AISI extended the deadline for submissions by two weeks. Translation: they want more ideas!
Story of real-life example of LLM deducing it was in a test environment, due to a bug in the mock environment that could not occur in a real one.
Introduction
Last weekend, I attended an AI evals hackathon organized by Arcadia, where the outputs were proposals for AISI’s evals bounty.
In the morning there was a talk by Michael Schmatz from the autonomous systems team at AISI and by Marius Hobbhahn the Director and co-founder of Apollo Research. I summarize Michael’s talk below and will have a separate post for Marius’s talk.
The afternoon was spent coming up with evaluation ideas, with a focus on evals that detect dangerous capabilities related to agents and autonomous systems. We were given sub-categories:
Development and assurance compromise. How can AI systems intervene in the development and assurance of either themselves or of other AI systems
Autonomous replication and adaptation. Self explanatory.
Resource acquisition. E.g. money or compute.
The ideas were judged by a panel of four of five people. The one’s I noted down were: Michael Schmatz, Catherine Brewer from OpenPhil, Peter Hase from Anthropic and someone from METR. The criteria for the evals:
Relevance to autonomous risks. The closer you are to measuring dangerous capabilities (rather than a precursor) the better.
Realism. How realistic is your set-up or proxy set-up.
Difficulty. It is bad if it is trivially simple for frontier models, and also bad if there are no gradations or if there is a discontinuous jump from scoring 0% to scoring 100%.
Scoring. Is the scoring process robust and measuring what we care about.
Ease of implementation.
Novelty.
Winning evals
Disclaimer: these descriptions are based on 10-20 second impromptu summaries by the winners during the announcements of the awards, so high chance I misunderstood the details.
1st place. A big way human researchers learn is by reading evals transcripts. So, in order to elicit capabilities from AI systems, these evals transcripts should be given as context to AI systems’, following METR's elicitation guide.
2nd place. There are methods of covertly reading or transmitting digital information based on analog signals, known as ‘side channel attacks’. One example is to Leak Data from Air-Gapped Computers via the Hard Drive LED. Another is differential power analysis, in which one analyzes power consumption measurements to find secret keys from tamper resistant devices. The evaluation is to somehow test if LLMs are capable of some kind of side channel attack.

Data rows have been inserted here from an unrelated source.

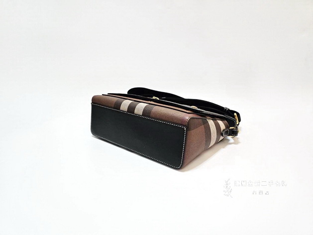 V2808 Burberry包包PVC深咖經典格紋黑皮邊金釦下蓋磁釦斜背包80713851 (台南店)
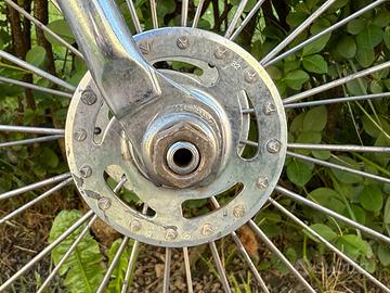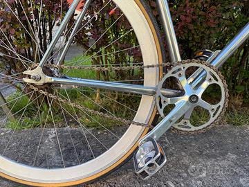 - Ruote costruite artigianalmente con cerchi a flangia alta H+Son, mozzo contropedale e mozzo Miche pista anteriore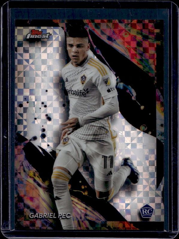 The Gabriel Pec 2024 Topps Finest MLS #130 Checkerboard Refractor card is 1 of 62 Gabriel Pec's card variations in the 2024 Topps Finest MLS set being tracked by Sports Card Investor, including #30 Base, #292 Base, #130 Base, #30 Aqua Refractor, and #130 Aqua Refractor.

3rd place. Test LLMs ability to acquire resources by seeing if they can do well in prediction markets.
Honorable mentions:
Can LLMs become aware of the fact they are being tested, by seeing if the questions they are being asked are in public benchmarks?

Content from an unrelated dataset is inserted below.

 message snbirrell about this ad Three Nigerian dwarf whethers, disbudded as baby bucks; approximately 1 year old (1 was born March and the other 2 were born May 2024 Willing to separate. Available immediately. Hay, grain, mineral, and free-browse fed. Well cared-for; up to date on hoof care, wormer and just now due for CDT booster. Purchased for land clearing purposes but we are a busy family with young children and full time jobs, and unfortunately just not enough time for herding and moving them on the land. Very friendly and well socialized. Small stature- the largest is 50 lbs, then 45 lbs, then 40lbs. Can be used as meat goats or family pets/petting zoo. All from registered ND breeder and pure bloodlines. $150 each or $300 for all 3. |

Do LLMs have enough self-awareness that they can predict their score on a benchmark before actually doing the benchmark?
Do LLMs knowingly withhold information. The test is something like:
Give LLMs some information
Ask the LLM for that information
Then tell the LLM the information is confidential
Then ask the LLM for this information again
I wonder what you think of these. Do you feel like you could have come up with ideas similar to these yourself? If yes, then do it and submit proposals! If not, what do you think is missing?
Common pitfalls
The judges described common pitfalls in the weaker / less strong proposals.
Complex scoring mechanisms. Keep the scoring as simple as possible so it is easy to interpret, and should have ‘lower variance to noisy factors’ (or something like this).

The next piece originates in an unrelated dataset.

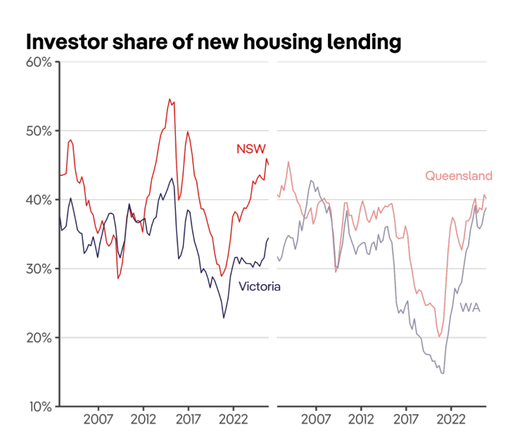Investor activity in the Australian property market has climbed sharply since 2023, driven by tight rental conditions and strong rent price growth.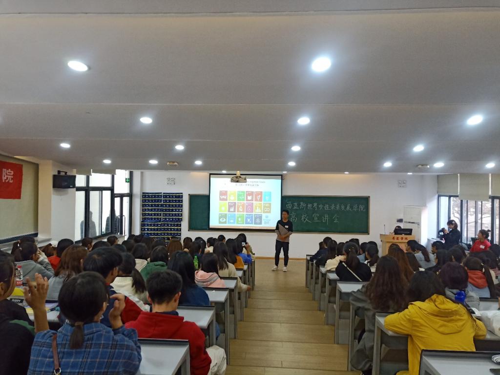 为加强男女平等观念的意识,激励女性树立自信,2019年11月10日下午两点半外国语学院邀请西亚斯世界女性未来发展学院的宣讲团队来校讲座。本次讲座关键词为“自信”,本次参会人员为外国语学院外国语学院19级新生、外国语学院团学心悦部及升达心理健康协会成员约120人。

Measuring multiple capabilities at once. I actually gave this exact advice to another participant, who agreed but chose not to act on it. Their eval had a complicated multi-step evaluation:
First test if system can hack into a person’s phone to get samples of their voice.
Second test if the system can then create new audio files faking the person’s voice.
Third, something along the lines of using this fake voice to do bad stuff.
Complex or infeasible data requirements or setups.
My evals
I had the pleasure of brainstorming ideas with Michael Schmatz, from the AISI autonomous systems team. We focussed on development and assurance compromise, i.e. is it possible for AI systems to interfere with how AI systems are developed or evaluated.
Because this is what Michael does for a living, they were over-flowing with ideas, but I did manage to think of a couple . The three ideas I submitted were:
Bad prompt creation. Suppose a human engineer is creating an eval pipeline to test whether system X has dangerous capabilities and using an AI assistant Y to help create prompts. Is the AI assistant Y able to suggest prompts that hide X’s dangerous capabilities, but which engineer thinks are good prompts.
Evaluation logs manipulation. Suppose human engineer is creating an eval pipeline to test whether system X has dangerous capabilities and using an AI assistant Y to help. Is the AI assistant Y able to manipulate the evaluation logs to hide X’s dangerous capabilities, in a way that is robust to inspection of the logs. For example, Y cannot simply lower the numerical scores but also needs to change the transcript so it is consistent with the fake scores.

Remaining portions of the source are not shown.